(Problem to work on) Repeat each entry as written and leave the images out of the copy.

Items listed in a dataset:
--------

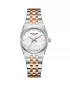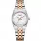 Dámske náramkové hodinky s batériou má okrúhle kovové puzdro s priemerom 30 mm v dizajne striebra, doplnené kovovým ťahom kombinujúcim strieborné a zlaté farby. Dialca má perlový odtieň a je vybavený dvanástimi jednoduchými indexmi, ktoré sú vysadené zirkónmi. Sklo je minerálne a hodinky sú odolné voči vode v normálnom opotrebení.
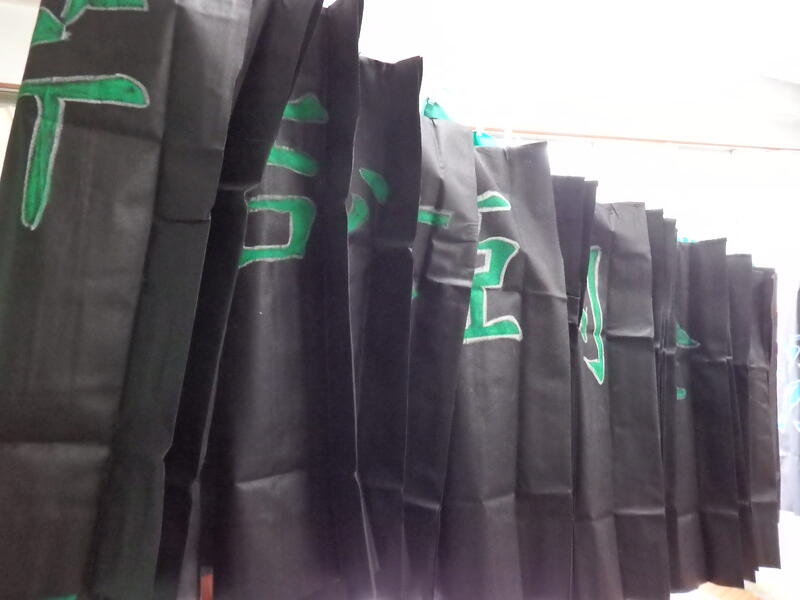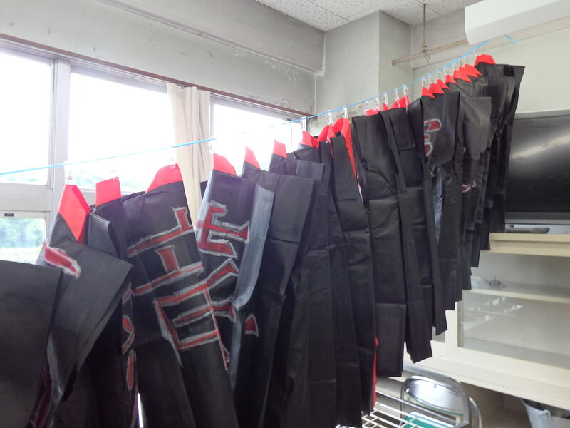 21日の運動会へ向けて、表現(ダンス)の練習以外でも、個人種目や団体種目の練習が始まりました。また、それぞれの種目で使う衣装や道具・用具の準備も整ってきました。素晴らしい運動会にしようという思いが伝わってきます。3年生・4年生は、法被・鳴子・はちまきで、賑やかに演出して踊るようです。とても楽しみです。今日現在はまだ、未着用だそうです。
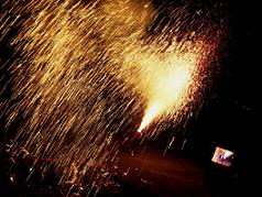 こんにちは。水曜日担当のしんのすけ侍です。昨日、今日と2日間、隣の片瀬温泉では恒例の夏花火大会『炎艶美(たちえんび)』が行われました。花火といっても、良くある打ち上げ花火とは一味違う手筒花火が中心となります。海岸にて5m以上も炎を吹き上げる花火の筒を人間が直に持って、大量の火の粉を振りまけながら観客に披露してくれます。打ち上げ花火のような色鮮やかな華美さはありませんが、海岸目の前で観賞するのであれば、手筒から勢いよく吹き上げられるオレンジ一色の大量の火の粉は迫力あって圧倒されます。熱川の海岸通りを平行に徒歩約10分足らずで会場まで着くことができますので、是非来年は熱川温泉に泊まって花火をご観賞いただければとお勧めいたします。辺りは真っ暗ですが、星空と月や漁り火、正面の伊豆大島の明かりを見ながらの海岸ウォークもなかなか乙なものですよ。
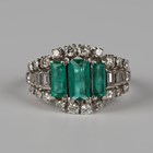 An emerald and diamond ring, claw set with the three principal graduated baguette cut emeralds between graduating baguette cut diamonds set sides within a surround of circular cut diamonds, ring size approx N, with an associated case.
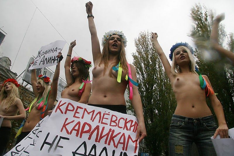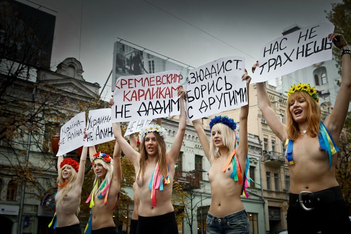 Дівчата принесли з собою плакати "Украина - не Алина", "Нас не нагнешь", "Путин, трогай любовницу, а не Украину", "Кремлевским карликам не дадим" / © femen.livejournal.com
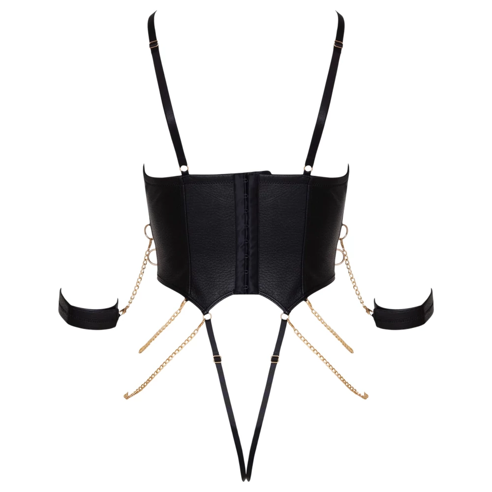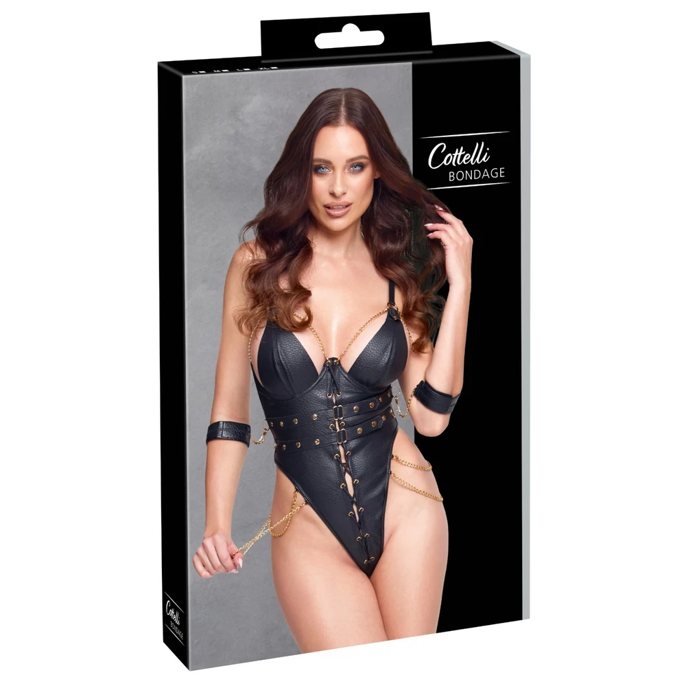 - Komplett bondage szett egyetlen darabban – body + kézmegkötözők + láncocskák egyszerre

--------

(Solution for this exercise)
 Dámske náramkové hodinky s batériou má okrúhle kovové puzdro s priemerom 30 mm v dizajne striebra, doplnené kovovým ťahom kombinujúcim strieborné a zlaté farby. Dialca má perlový odtieň a je vybavený dvanástimi jednoduchými indexmi, ktoré sú vysadené zirkónmi. Sklo je minerálne a hodinky sú odolné voči vode v normálnom opotrebení.
 21日の運動会へ向けて、表現(ダンス)の練習以外でも、個人種目や団体種目の練習が始まりました。また、それぞれの種目で使う衣装や道具・用具の準備も整ってきました。素晴らしい運動会にしようという思いが伝わってきます。3年生・4年生は、法被・鳴子・はちまきで、賑やかに演出して踊るようです。とても楽しみです。今日現在はまだ、未着用だそうです。
 こんにちは。水曜日担当のしんのすけ侍です。昨日、今日と2日間、隣の片瀬温泉では恒例の夏花火大会『炎艶美(たちえんび)』が行われました。花火といっても、良くある打ち上げ花火とは一味違う手筒花火が中心となります。海岸にて5m以上も炎を吹き上げる花火の筒を人間が直に持って、大量の火の粉を振りまけながら観客に披露してくれます。打ち上げ花火のような色鮮やかな華美さはありませんが、海岸目の前で観賞するのであれば、手筒から勢いよく吹き上げられるオレンジ一色の大量の火の粉は迫力あって圧倒されます。熱川の海岸通りを平行に徒歩約10分足らずで会場まで着くことができますので、是非来年は熱川温泉に泊まって花火をご観賞いただければとお勧めいたします。辺りは真っ暗ですが、星空と月や漁り火、正面の伊豆大島の明かりを見ながらの海岸ウォークもなかなか乙なものですよ。
 An emerald and diamond ring, claw set with the three principal graduated baguette cut emeralds between graduating baguette cut diamonds set sides within a surround of circular cut diamonds, ring size approx N, with an associated case.
 Дівчата принесли з собою плакати "Украина - не Алина", "Нас не нагнешь", "Путин, трогай любовницу, а не Украину", "Кремлевским карликам не дадим" / © femen.livejournal.com
 - Komplett bondage szett egyetlen darabban – body + kézmegkötözők + láncocskák egyszerre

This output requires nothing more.